When the line with "Ознайомитися з об’єктами" turns up below, begin repeating exactly, and carry on through the line with "Camiseta manga longa"; no pictures go into the copy.

[Opening DATASET EXCERPTS section]

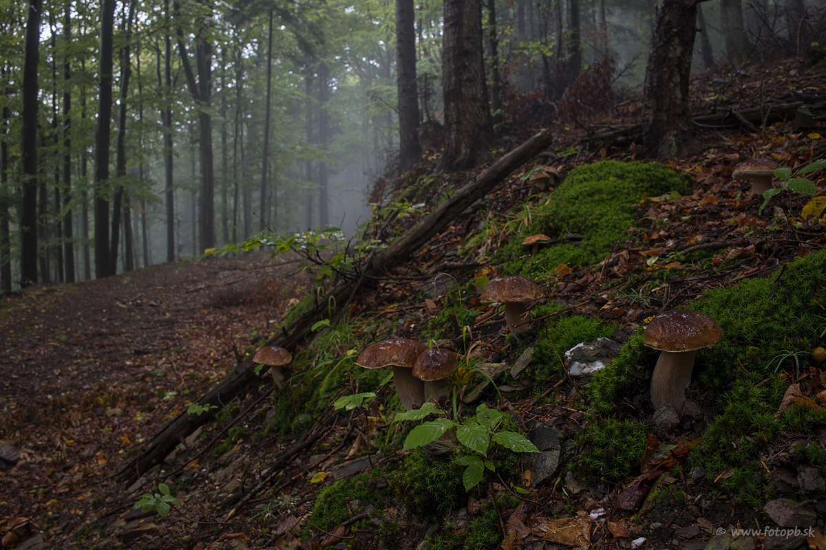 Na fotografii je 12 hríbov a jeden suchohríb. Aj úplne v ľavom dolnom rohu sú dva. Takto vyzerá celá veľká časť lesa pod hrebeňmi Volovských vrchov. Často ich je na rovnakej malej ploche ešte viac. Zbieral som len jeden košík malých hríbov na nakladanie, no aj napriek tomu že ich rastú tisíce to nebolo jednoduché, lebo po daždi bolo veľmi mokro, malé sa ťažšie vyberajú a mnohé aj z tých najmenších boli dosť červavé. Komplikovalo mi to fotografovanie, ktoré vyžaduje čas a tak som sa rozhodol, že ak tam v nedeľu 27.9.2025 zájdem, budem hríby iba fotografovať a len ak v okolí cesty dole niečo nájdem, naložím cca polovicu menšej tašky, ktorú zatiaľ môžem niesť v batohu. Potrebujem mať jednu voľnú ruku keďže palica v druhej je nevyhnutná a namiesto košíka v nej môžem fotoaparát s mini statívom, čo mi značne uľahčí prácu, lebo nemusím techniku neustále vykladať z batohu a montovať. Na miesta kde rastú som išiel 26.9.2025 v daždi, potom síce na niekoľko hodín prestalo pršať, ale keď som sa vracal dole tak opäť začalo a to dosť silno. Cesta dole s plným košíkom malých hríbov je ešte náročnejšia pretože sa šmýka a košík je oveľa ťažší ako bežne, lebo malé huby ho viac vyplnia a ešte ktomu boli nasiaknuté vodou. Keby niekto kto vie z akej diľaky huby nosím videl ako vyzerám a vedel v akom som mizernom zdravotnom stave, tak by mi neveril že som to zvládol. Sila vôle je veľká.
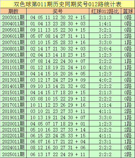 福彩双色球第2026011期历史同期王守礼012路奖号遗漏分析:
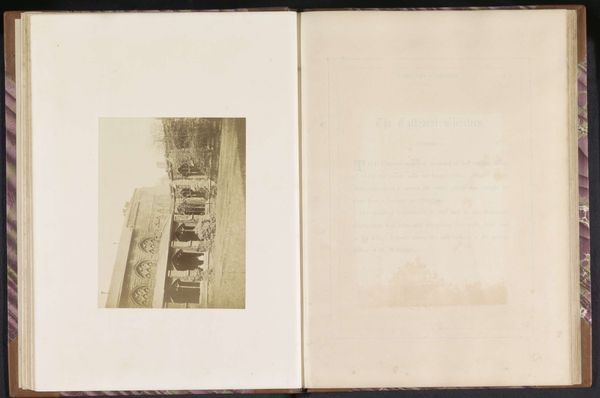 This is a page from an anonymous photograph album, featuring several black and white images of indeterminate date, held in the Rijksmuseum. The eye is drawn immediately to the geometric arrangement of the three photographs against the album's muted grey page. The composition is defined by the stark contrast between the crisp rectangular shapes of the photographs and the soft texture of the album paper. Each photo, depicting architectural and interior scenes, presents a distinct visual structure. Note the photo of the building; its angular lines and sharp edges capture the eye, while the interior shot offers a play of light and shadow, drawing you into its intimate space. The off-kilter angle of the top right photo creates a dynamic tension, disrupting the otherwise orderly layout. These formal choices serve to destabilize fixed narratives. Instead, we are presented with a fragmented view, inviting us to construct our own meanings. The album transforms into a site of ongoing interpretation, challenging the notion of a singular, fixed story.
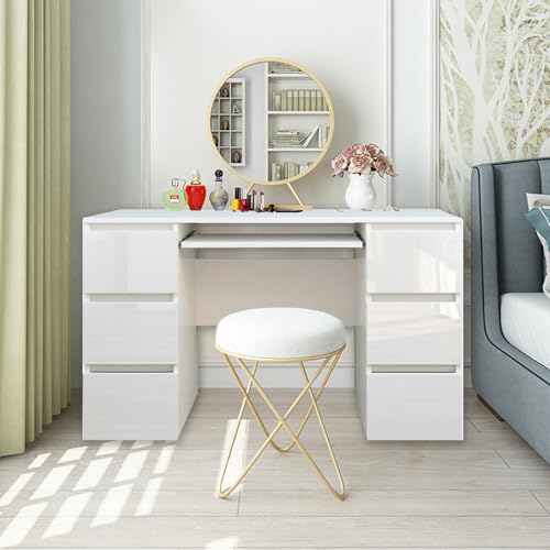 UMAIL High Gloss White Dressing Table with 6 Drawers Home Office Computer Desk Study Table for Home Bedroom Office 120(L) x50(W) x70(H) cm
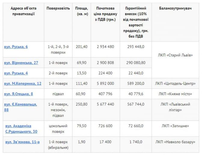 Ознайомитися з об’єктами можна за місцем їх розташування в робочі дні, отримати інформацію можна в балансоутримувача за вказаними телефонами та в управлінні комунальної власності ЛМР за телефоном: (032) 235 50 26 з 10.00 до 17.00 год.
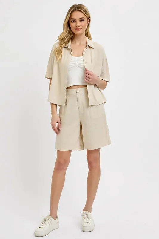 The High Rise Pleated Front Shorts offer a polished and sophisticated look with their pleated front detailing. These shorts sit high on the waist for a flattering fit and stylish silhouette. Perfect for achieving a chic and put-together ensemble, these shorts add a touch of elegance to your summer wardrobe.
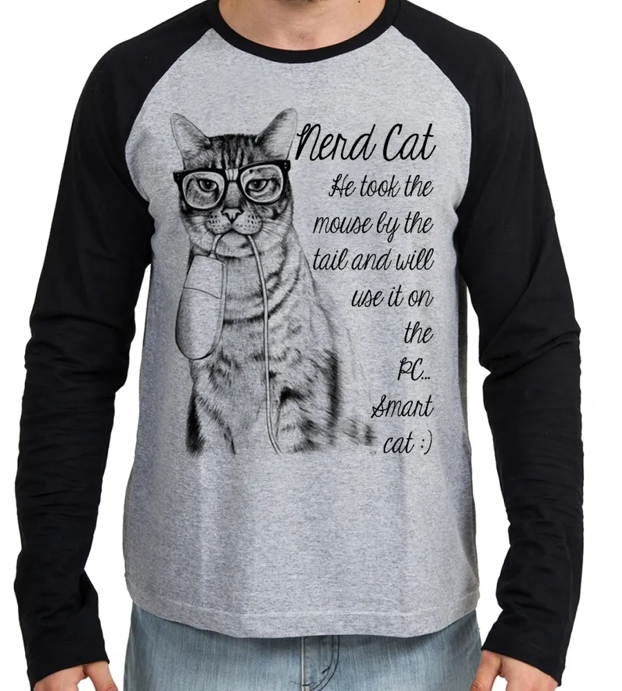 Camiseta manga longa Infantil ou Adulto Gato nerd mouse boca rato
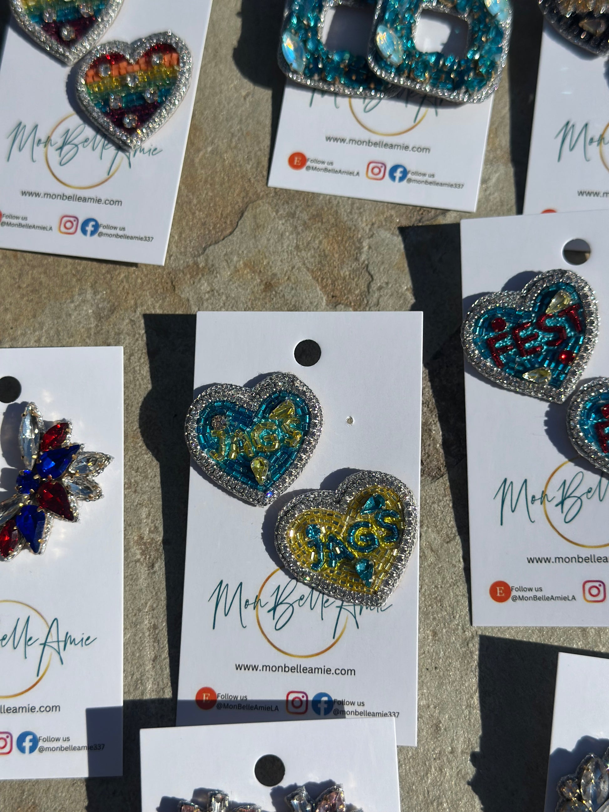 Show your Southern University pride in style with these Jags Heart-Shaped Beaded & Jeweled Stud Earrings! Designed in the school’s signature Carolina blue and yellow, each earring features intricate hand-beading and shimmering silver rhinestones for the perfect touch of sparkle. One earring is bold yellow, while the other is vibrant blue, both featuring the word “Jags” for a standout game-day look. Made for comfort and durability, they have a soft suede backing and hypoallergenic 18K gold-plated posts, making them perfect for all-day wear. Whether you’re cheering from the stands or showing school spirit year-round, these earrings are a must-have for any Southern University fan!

[Closing DATASET EXCERPTS section]
[Opening DATASET EXCERPTS section]

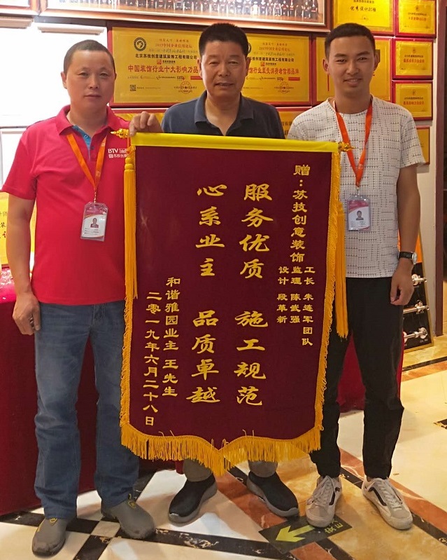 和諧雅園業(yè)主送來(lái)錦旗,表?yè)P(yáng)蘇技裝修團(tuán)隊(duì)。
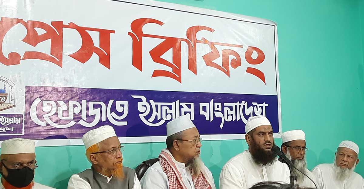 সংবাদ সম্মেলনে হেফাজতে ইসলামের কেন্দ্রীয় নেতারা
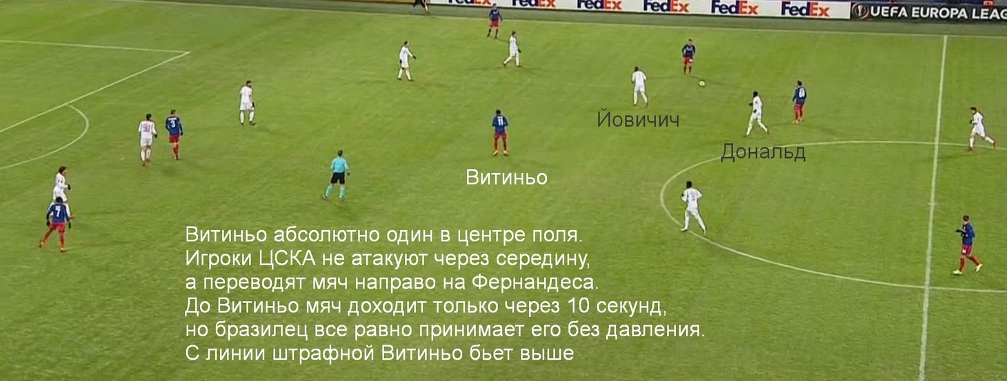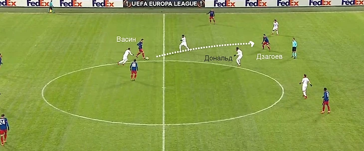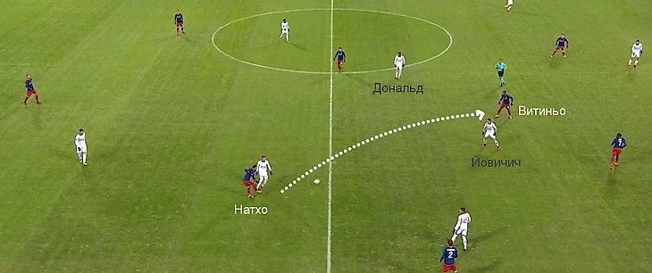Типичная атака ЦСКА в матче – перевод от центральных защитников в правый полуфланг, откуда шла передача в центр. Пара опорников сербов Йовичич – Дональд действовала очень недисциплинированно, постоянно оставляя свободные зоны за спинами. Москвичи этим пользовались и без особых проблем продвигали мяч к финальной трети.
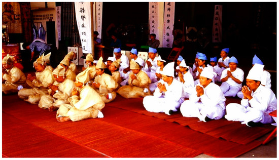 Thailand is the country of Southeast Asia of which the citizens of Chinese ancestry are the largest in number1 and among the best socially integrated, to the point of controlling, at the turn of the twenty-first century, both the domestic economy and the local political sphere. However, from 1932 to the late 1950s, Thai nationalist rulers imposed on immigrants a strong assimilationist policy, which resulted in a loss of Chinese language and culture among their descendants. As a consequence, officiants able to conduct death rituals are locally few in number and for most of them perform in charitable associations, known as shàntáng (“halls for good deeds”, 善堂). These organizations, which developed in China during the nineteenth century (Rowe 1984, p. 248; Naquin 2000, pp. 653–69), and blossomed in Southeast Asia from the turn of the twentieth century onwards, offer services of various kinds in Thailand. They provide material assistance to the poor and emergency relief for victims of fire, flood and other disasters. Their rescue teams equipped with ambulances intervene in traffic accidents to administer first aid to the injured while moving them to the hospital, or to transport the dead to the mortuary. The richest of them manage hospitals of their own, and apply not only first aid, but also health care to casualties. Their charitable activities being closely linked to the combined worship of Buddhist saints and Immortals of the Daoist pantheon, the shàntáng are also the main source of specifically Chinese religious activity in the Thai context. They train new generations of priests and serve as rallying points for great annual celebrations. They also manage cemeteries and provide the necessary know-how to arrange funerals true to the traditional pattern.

[Closing DATASET EXCERPTS section]
[Opening DATASET EXCERPTS section]

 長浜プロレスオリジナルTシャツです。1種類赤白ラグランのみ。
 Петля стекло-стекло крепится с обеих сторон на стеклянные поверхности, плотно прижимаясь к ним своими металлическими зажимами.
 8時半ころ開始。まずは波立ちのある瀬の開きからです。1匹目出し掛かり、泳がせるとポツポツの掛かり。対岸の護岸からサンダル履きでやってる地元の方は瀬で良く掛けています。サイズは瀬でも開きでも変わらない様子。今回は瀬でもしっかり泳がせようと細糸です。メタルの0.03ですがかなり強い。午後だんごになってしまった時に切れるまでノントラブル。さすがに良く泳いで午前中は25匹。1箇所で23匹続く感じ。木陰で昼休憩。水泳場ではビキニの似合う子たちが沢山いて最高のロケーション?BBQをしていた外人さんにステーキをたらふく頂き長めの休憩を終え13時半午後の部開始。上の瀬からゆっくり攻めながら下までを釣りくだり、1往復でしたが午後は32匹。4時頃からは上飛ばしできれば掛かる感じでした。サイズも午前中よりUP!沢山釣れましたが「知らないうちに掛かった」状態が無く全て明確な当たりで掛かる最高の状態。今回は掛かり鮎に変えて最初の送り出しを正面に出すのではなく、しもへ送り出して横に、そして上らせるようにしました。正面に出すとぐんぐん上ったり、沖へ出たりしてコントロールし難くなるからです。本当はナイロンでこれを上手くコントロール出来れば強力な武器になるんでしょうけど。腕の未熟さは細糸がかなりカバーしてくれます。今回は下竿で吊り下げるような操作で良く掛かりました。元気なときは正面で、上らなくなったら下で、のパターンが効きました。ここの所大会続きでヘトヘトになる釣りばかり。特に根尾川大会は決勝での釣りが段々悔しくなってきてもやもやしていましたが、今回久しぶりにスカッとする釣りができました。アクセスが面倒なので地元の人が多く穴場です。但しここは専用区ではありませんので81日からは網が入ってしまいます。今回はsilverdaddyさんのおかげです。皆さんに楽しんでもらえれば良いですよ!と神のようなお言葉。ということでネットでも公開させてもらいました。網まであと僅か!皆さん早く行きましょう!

[Closing DATASET EXCERPTS section]

WRITTEN REPLY ->
 Ознайомитися з об’єктами можна за місцем їх розташування в робочі дні, отримати інформацію можна в балансоутримувача за вказаними телефонами та в управлінні комунальної власності ЛМР за телефоном: (032) 235 50 26 з 10.00 до 17.00 год.
 The High Rise Pleated Front Shorts offer a polished and sophisticated look with their pleated front detailing. These shorts sit high on the waist for a flattering fit and stylish silhouette. Perfect for achieving a chic and put-together ensemble, these shorts add a touch of elegance to your summer wardrobe.
 Camiseta manga longa Infantil ou Adulto Gato nerd mouse boca rato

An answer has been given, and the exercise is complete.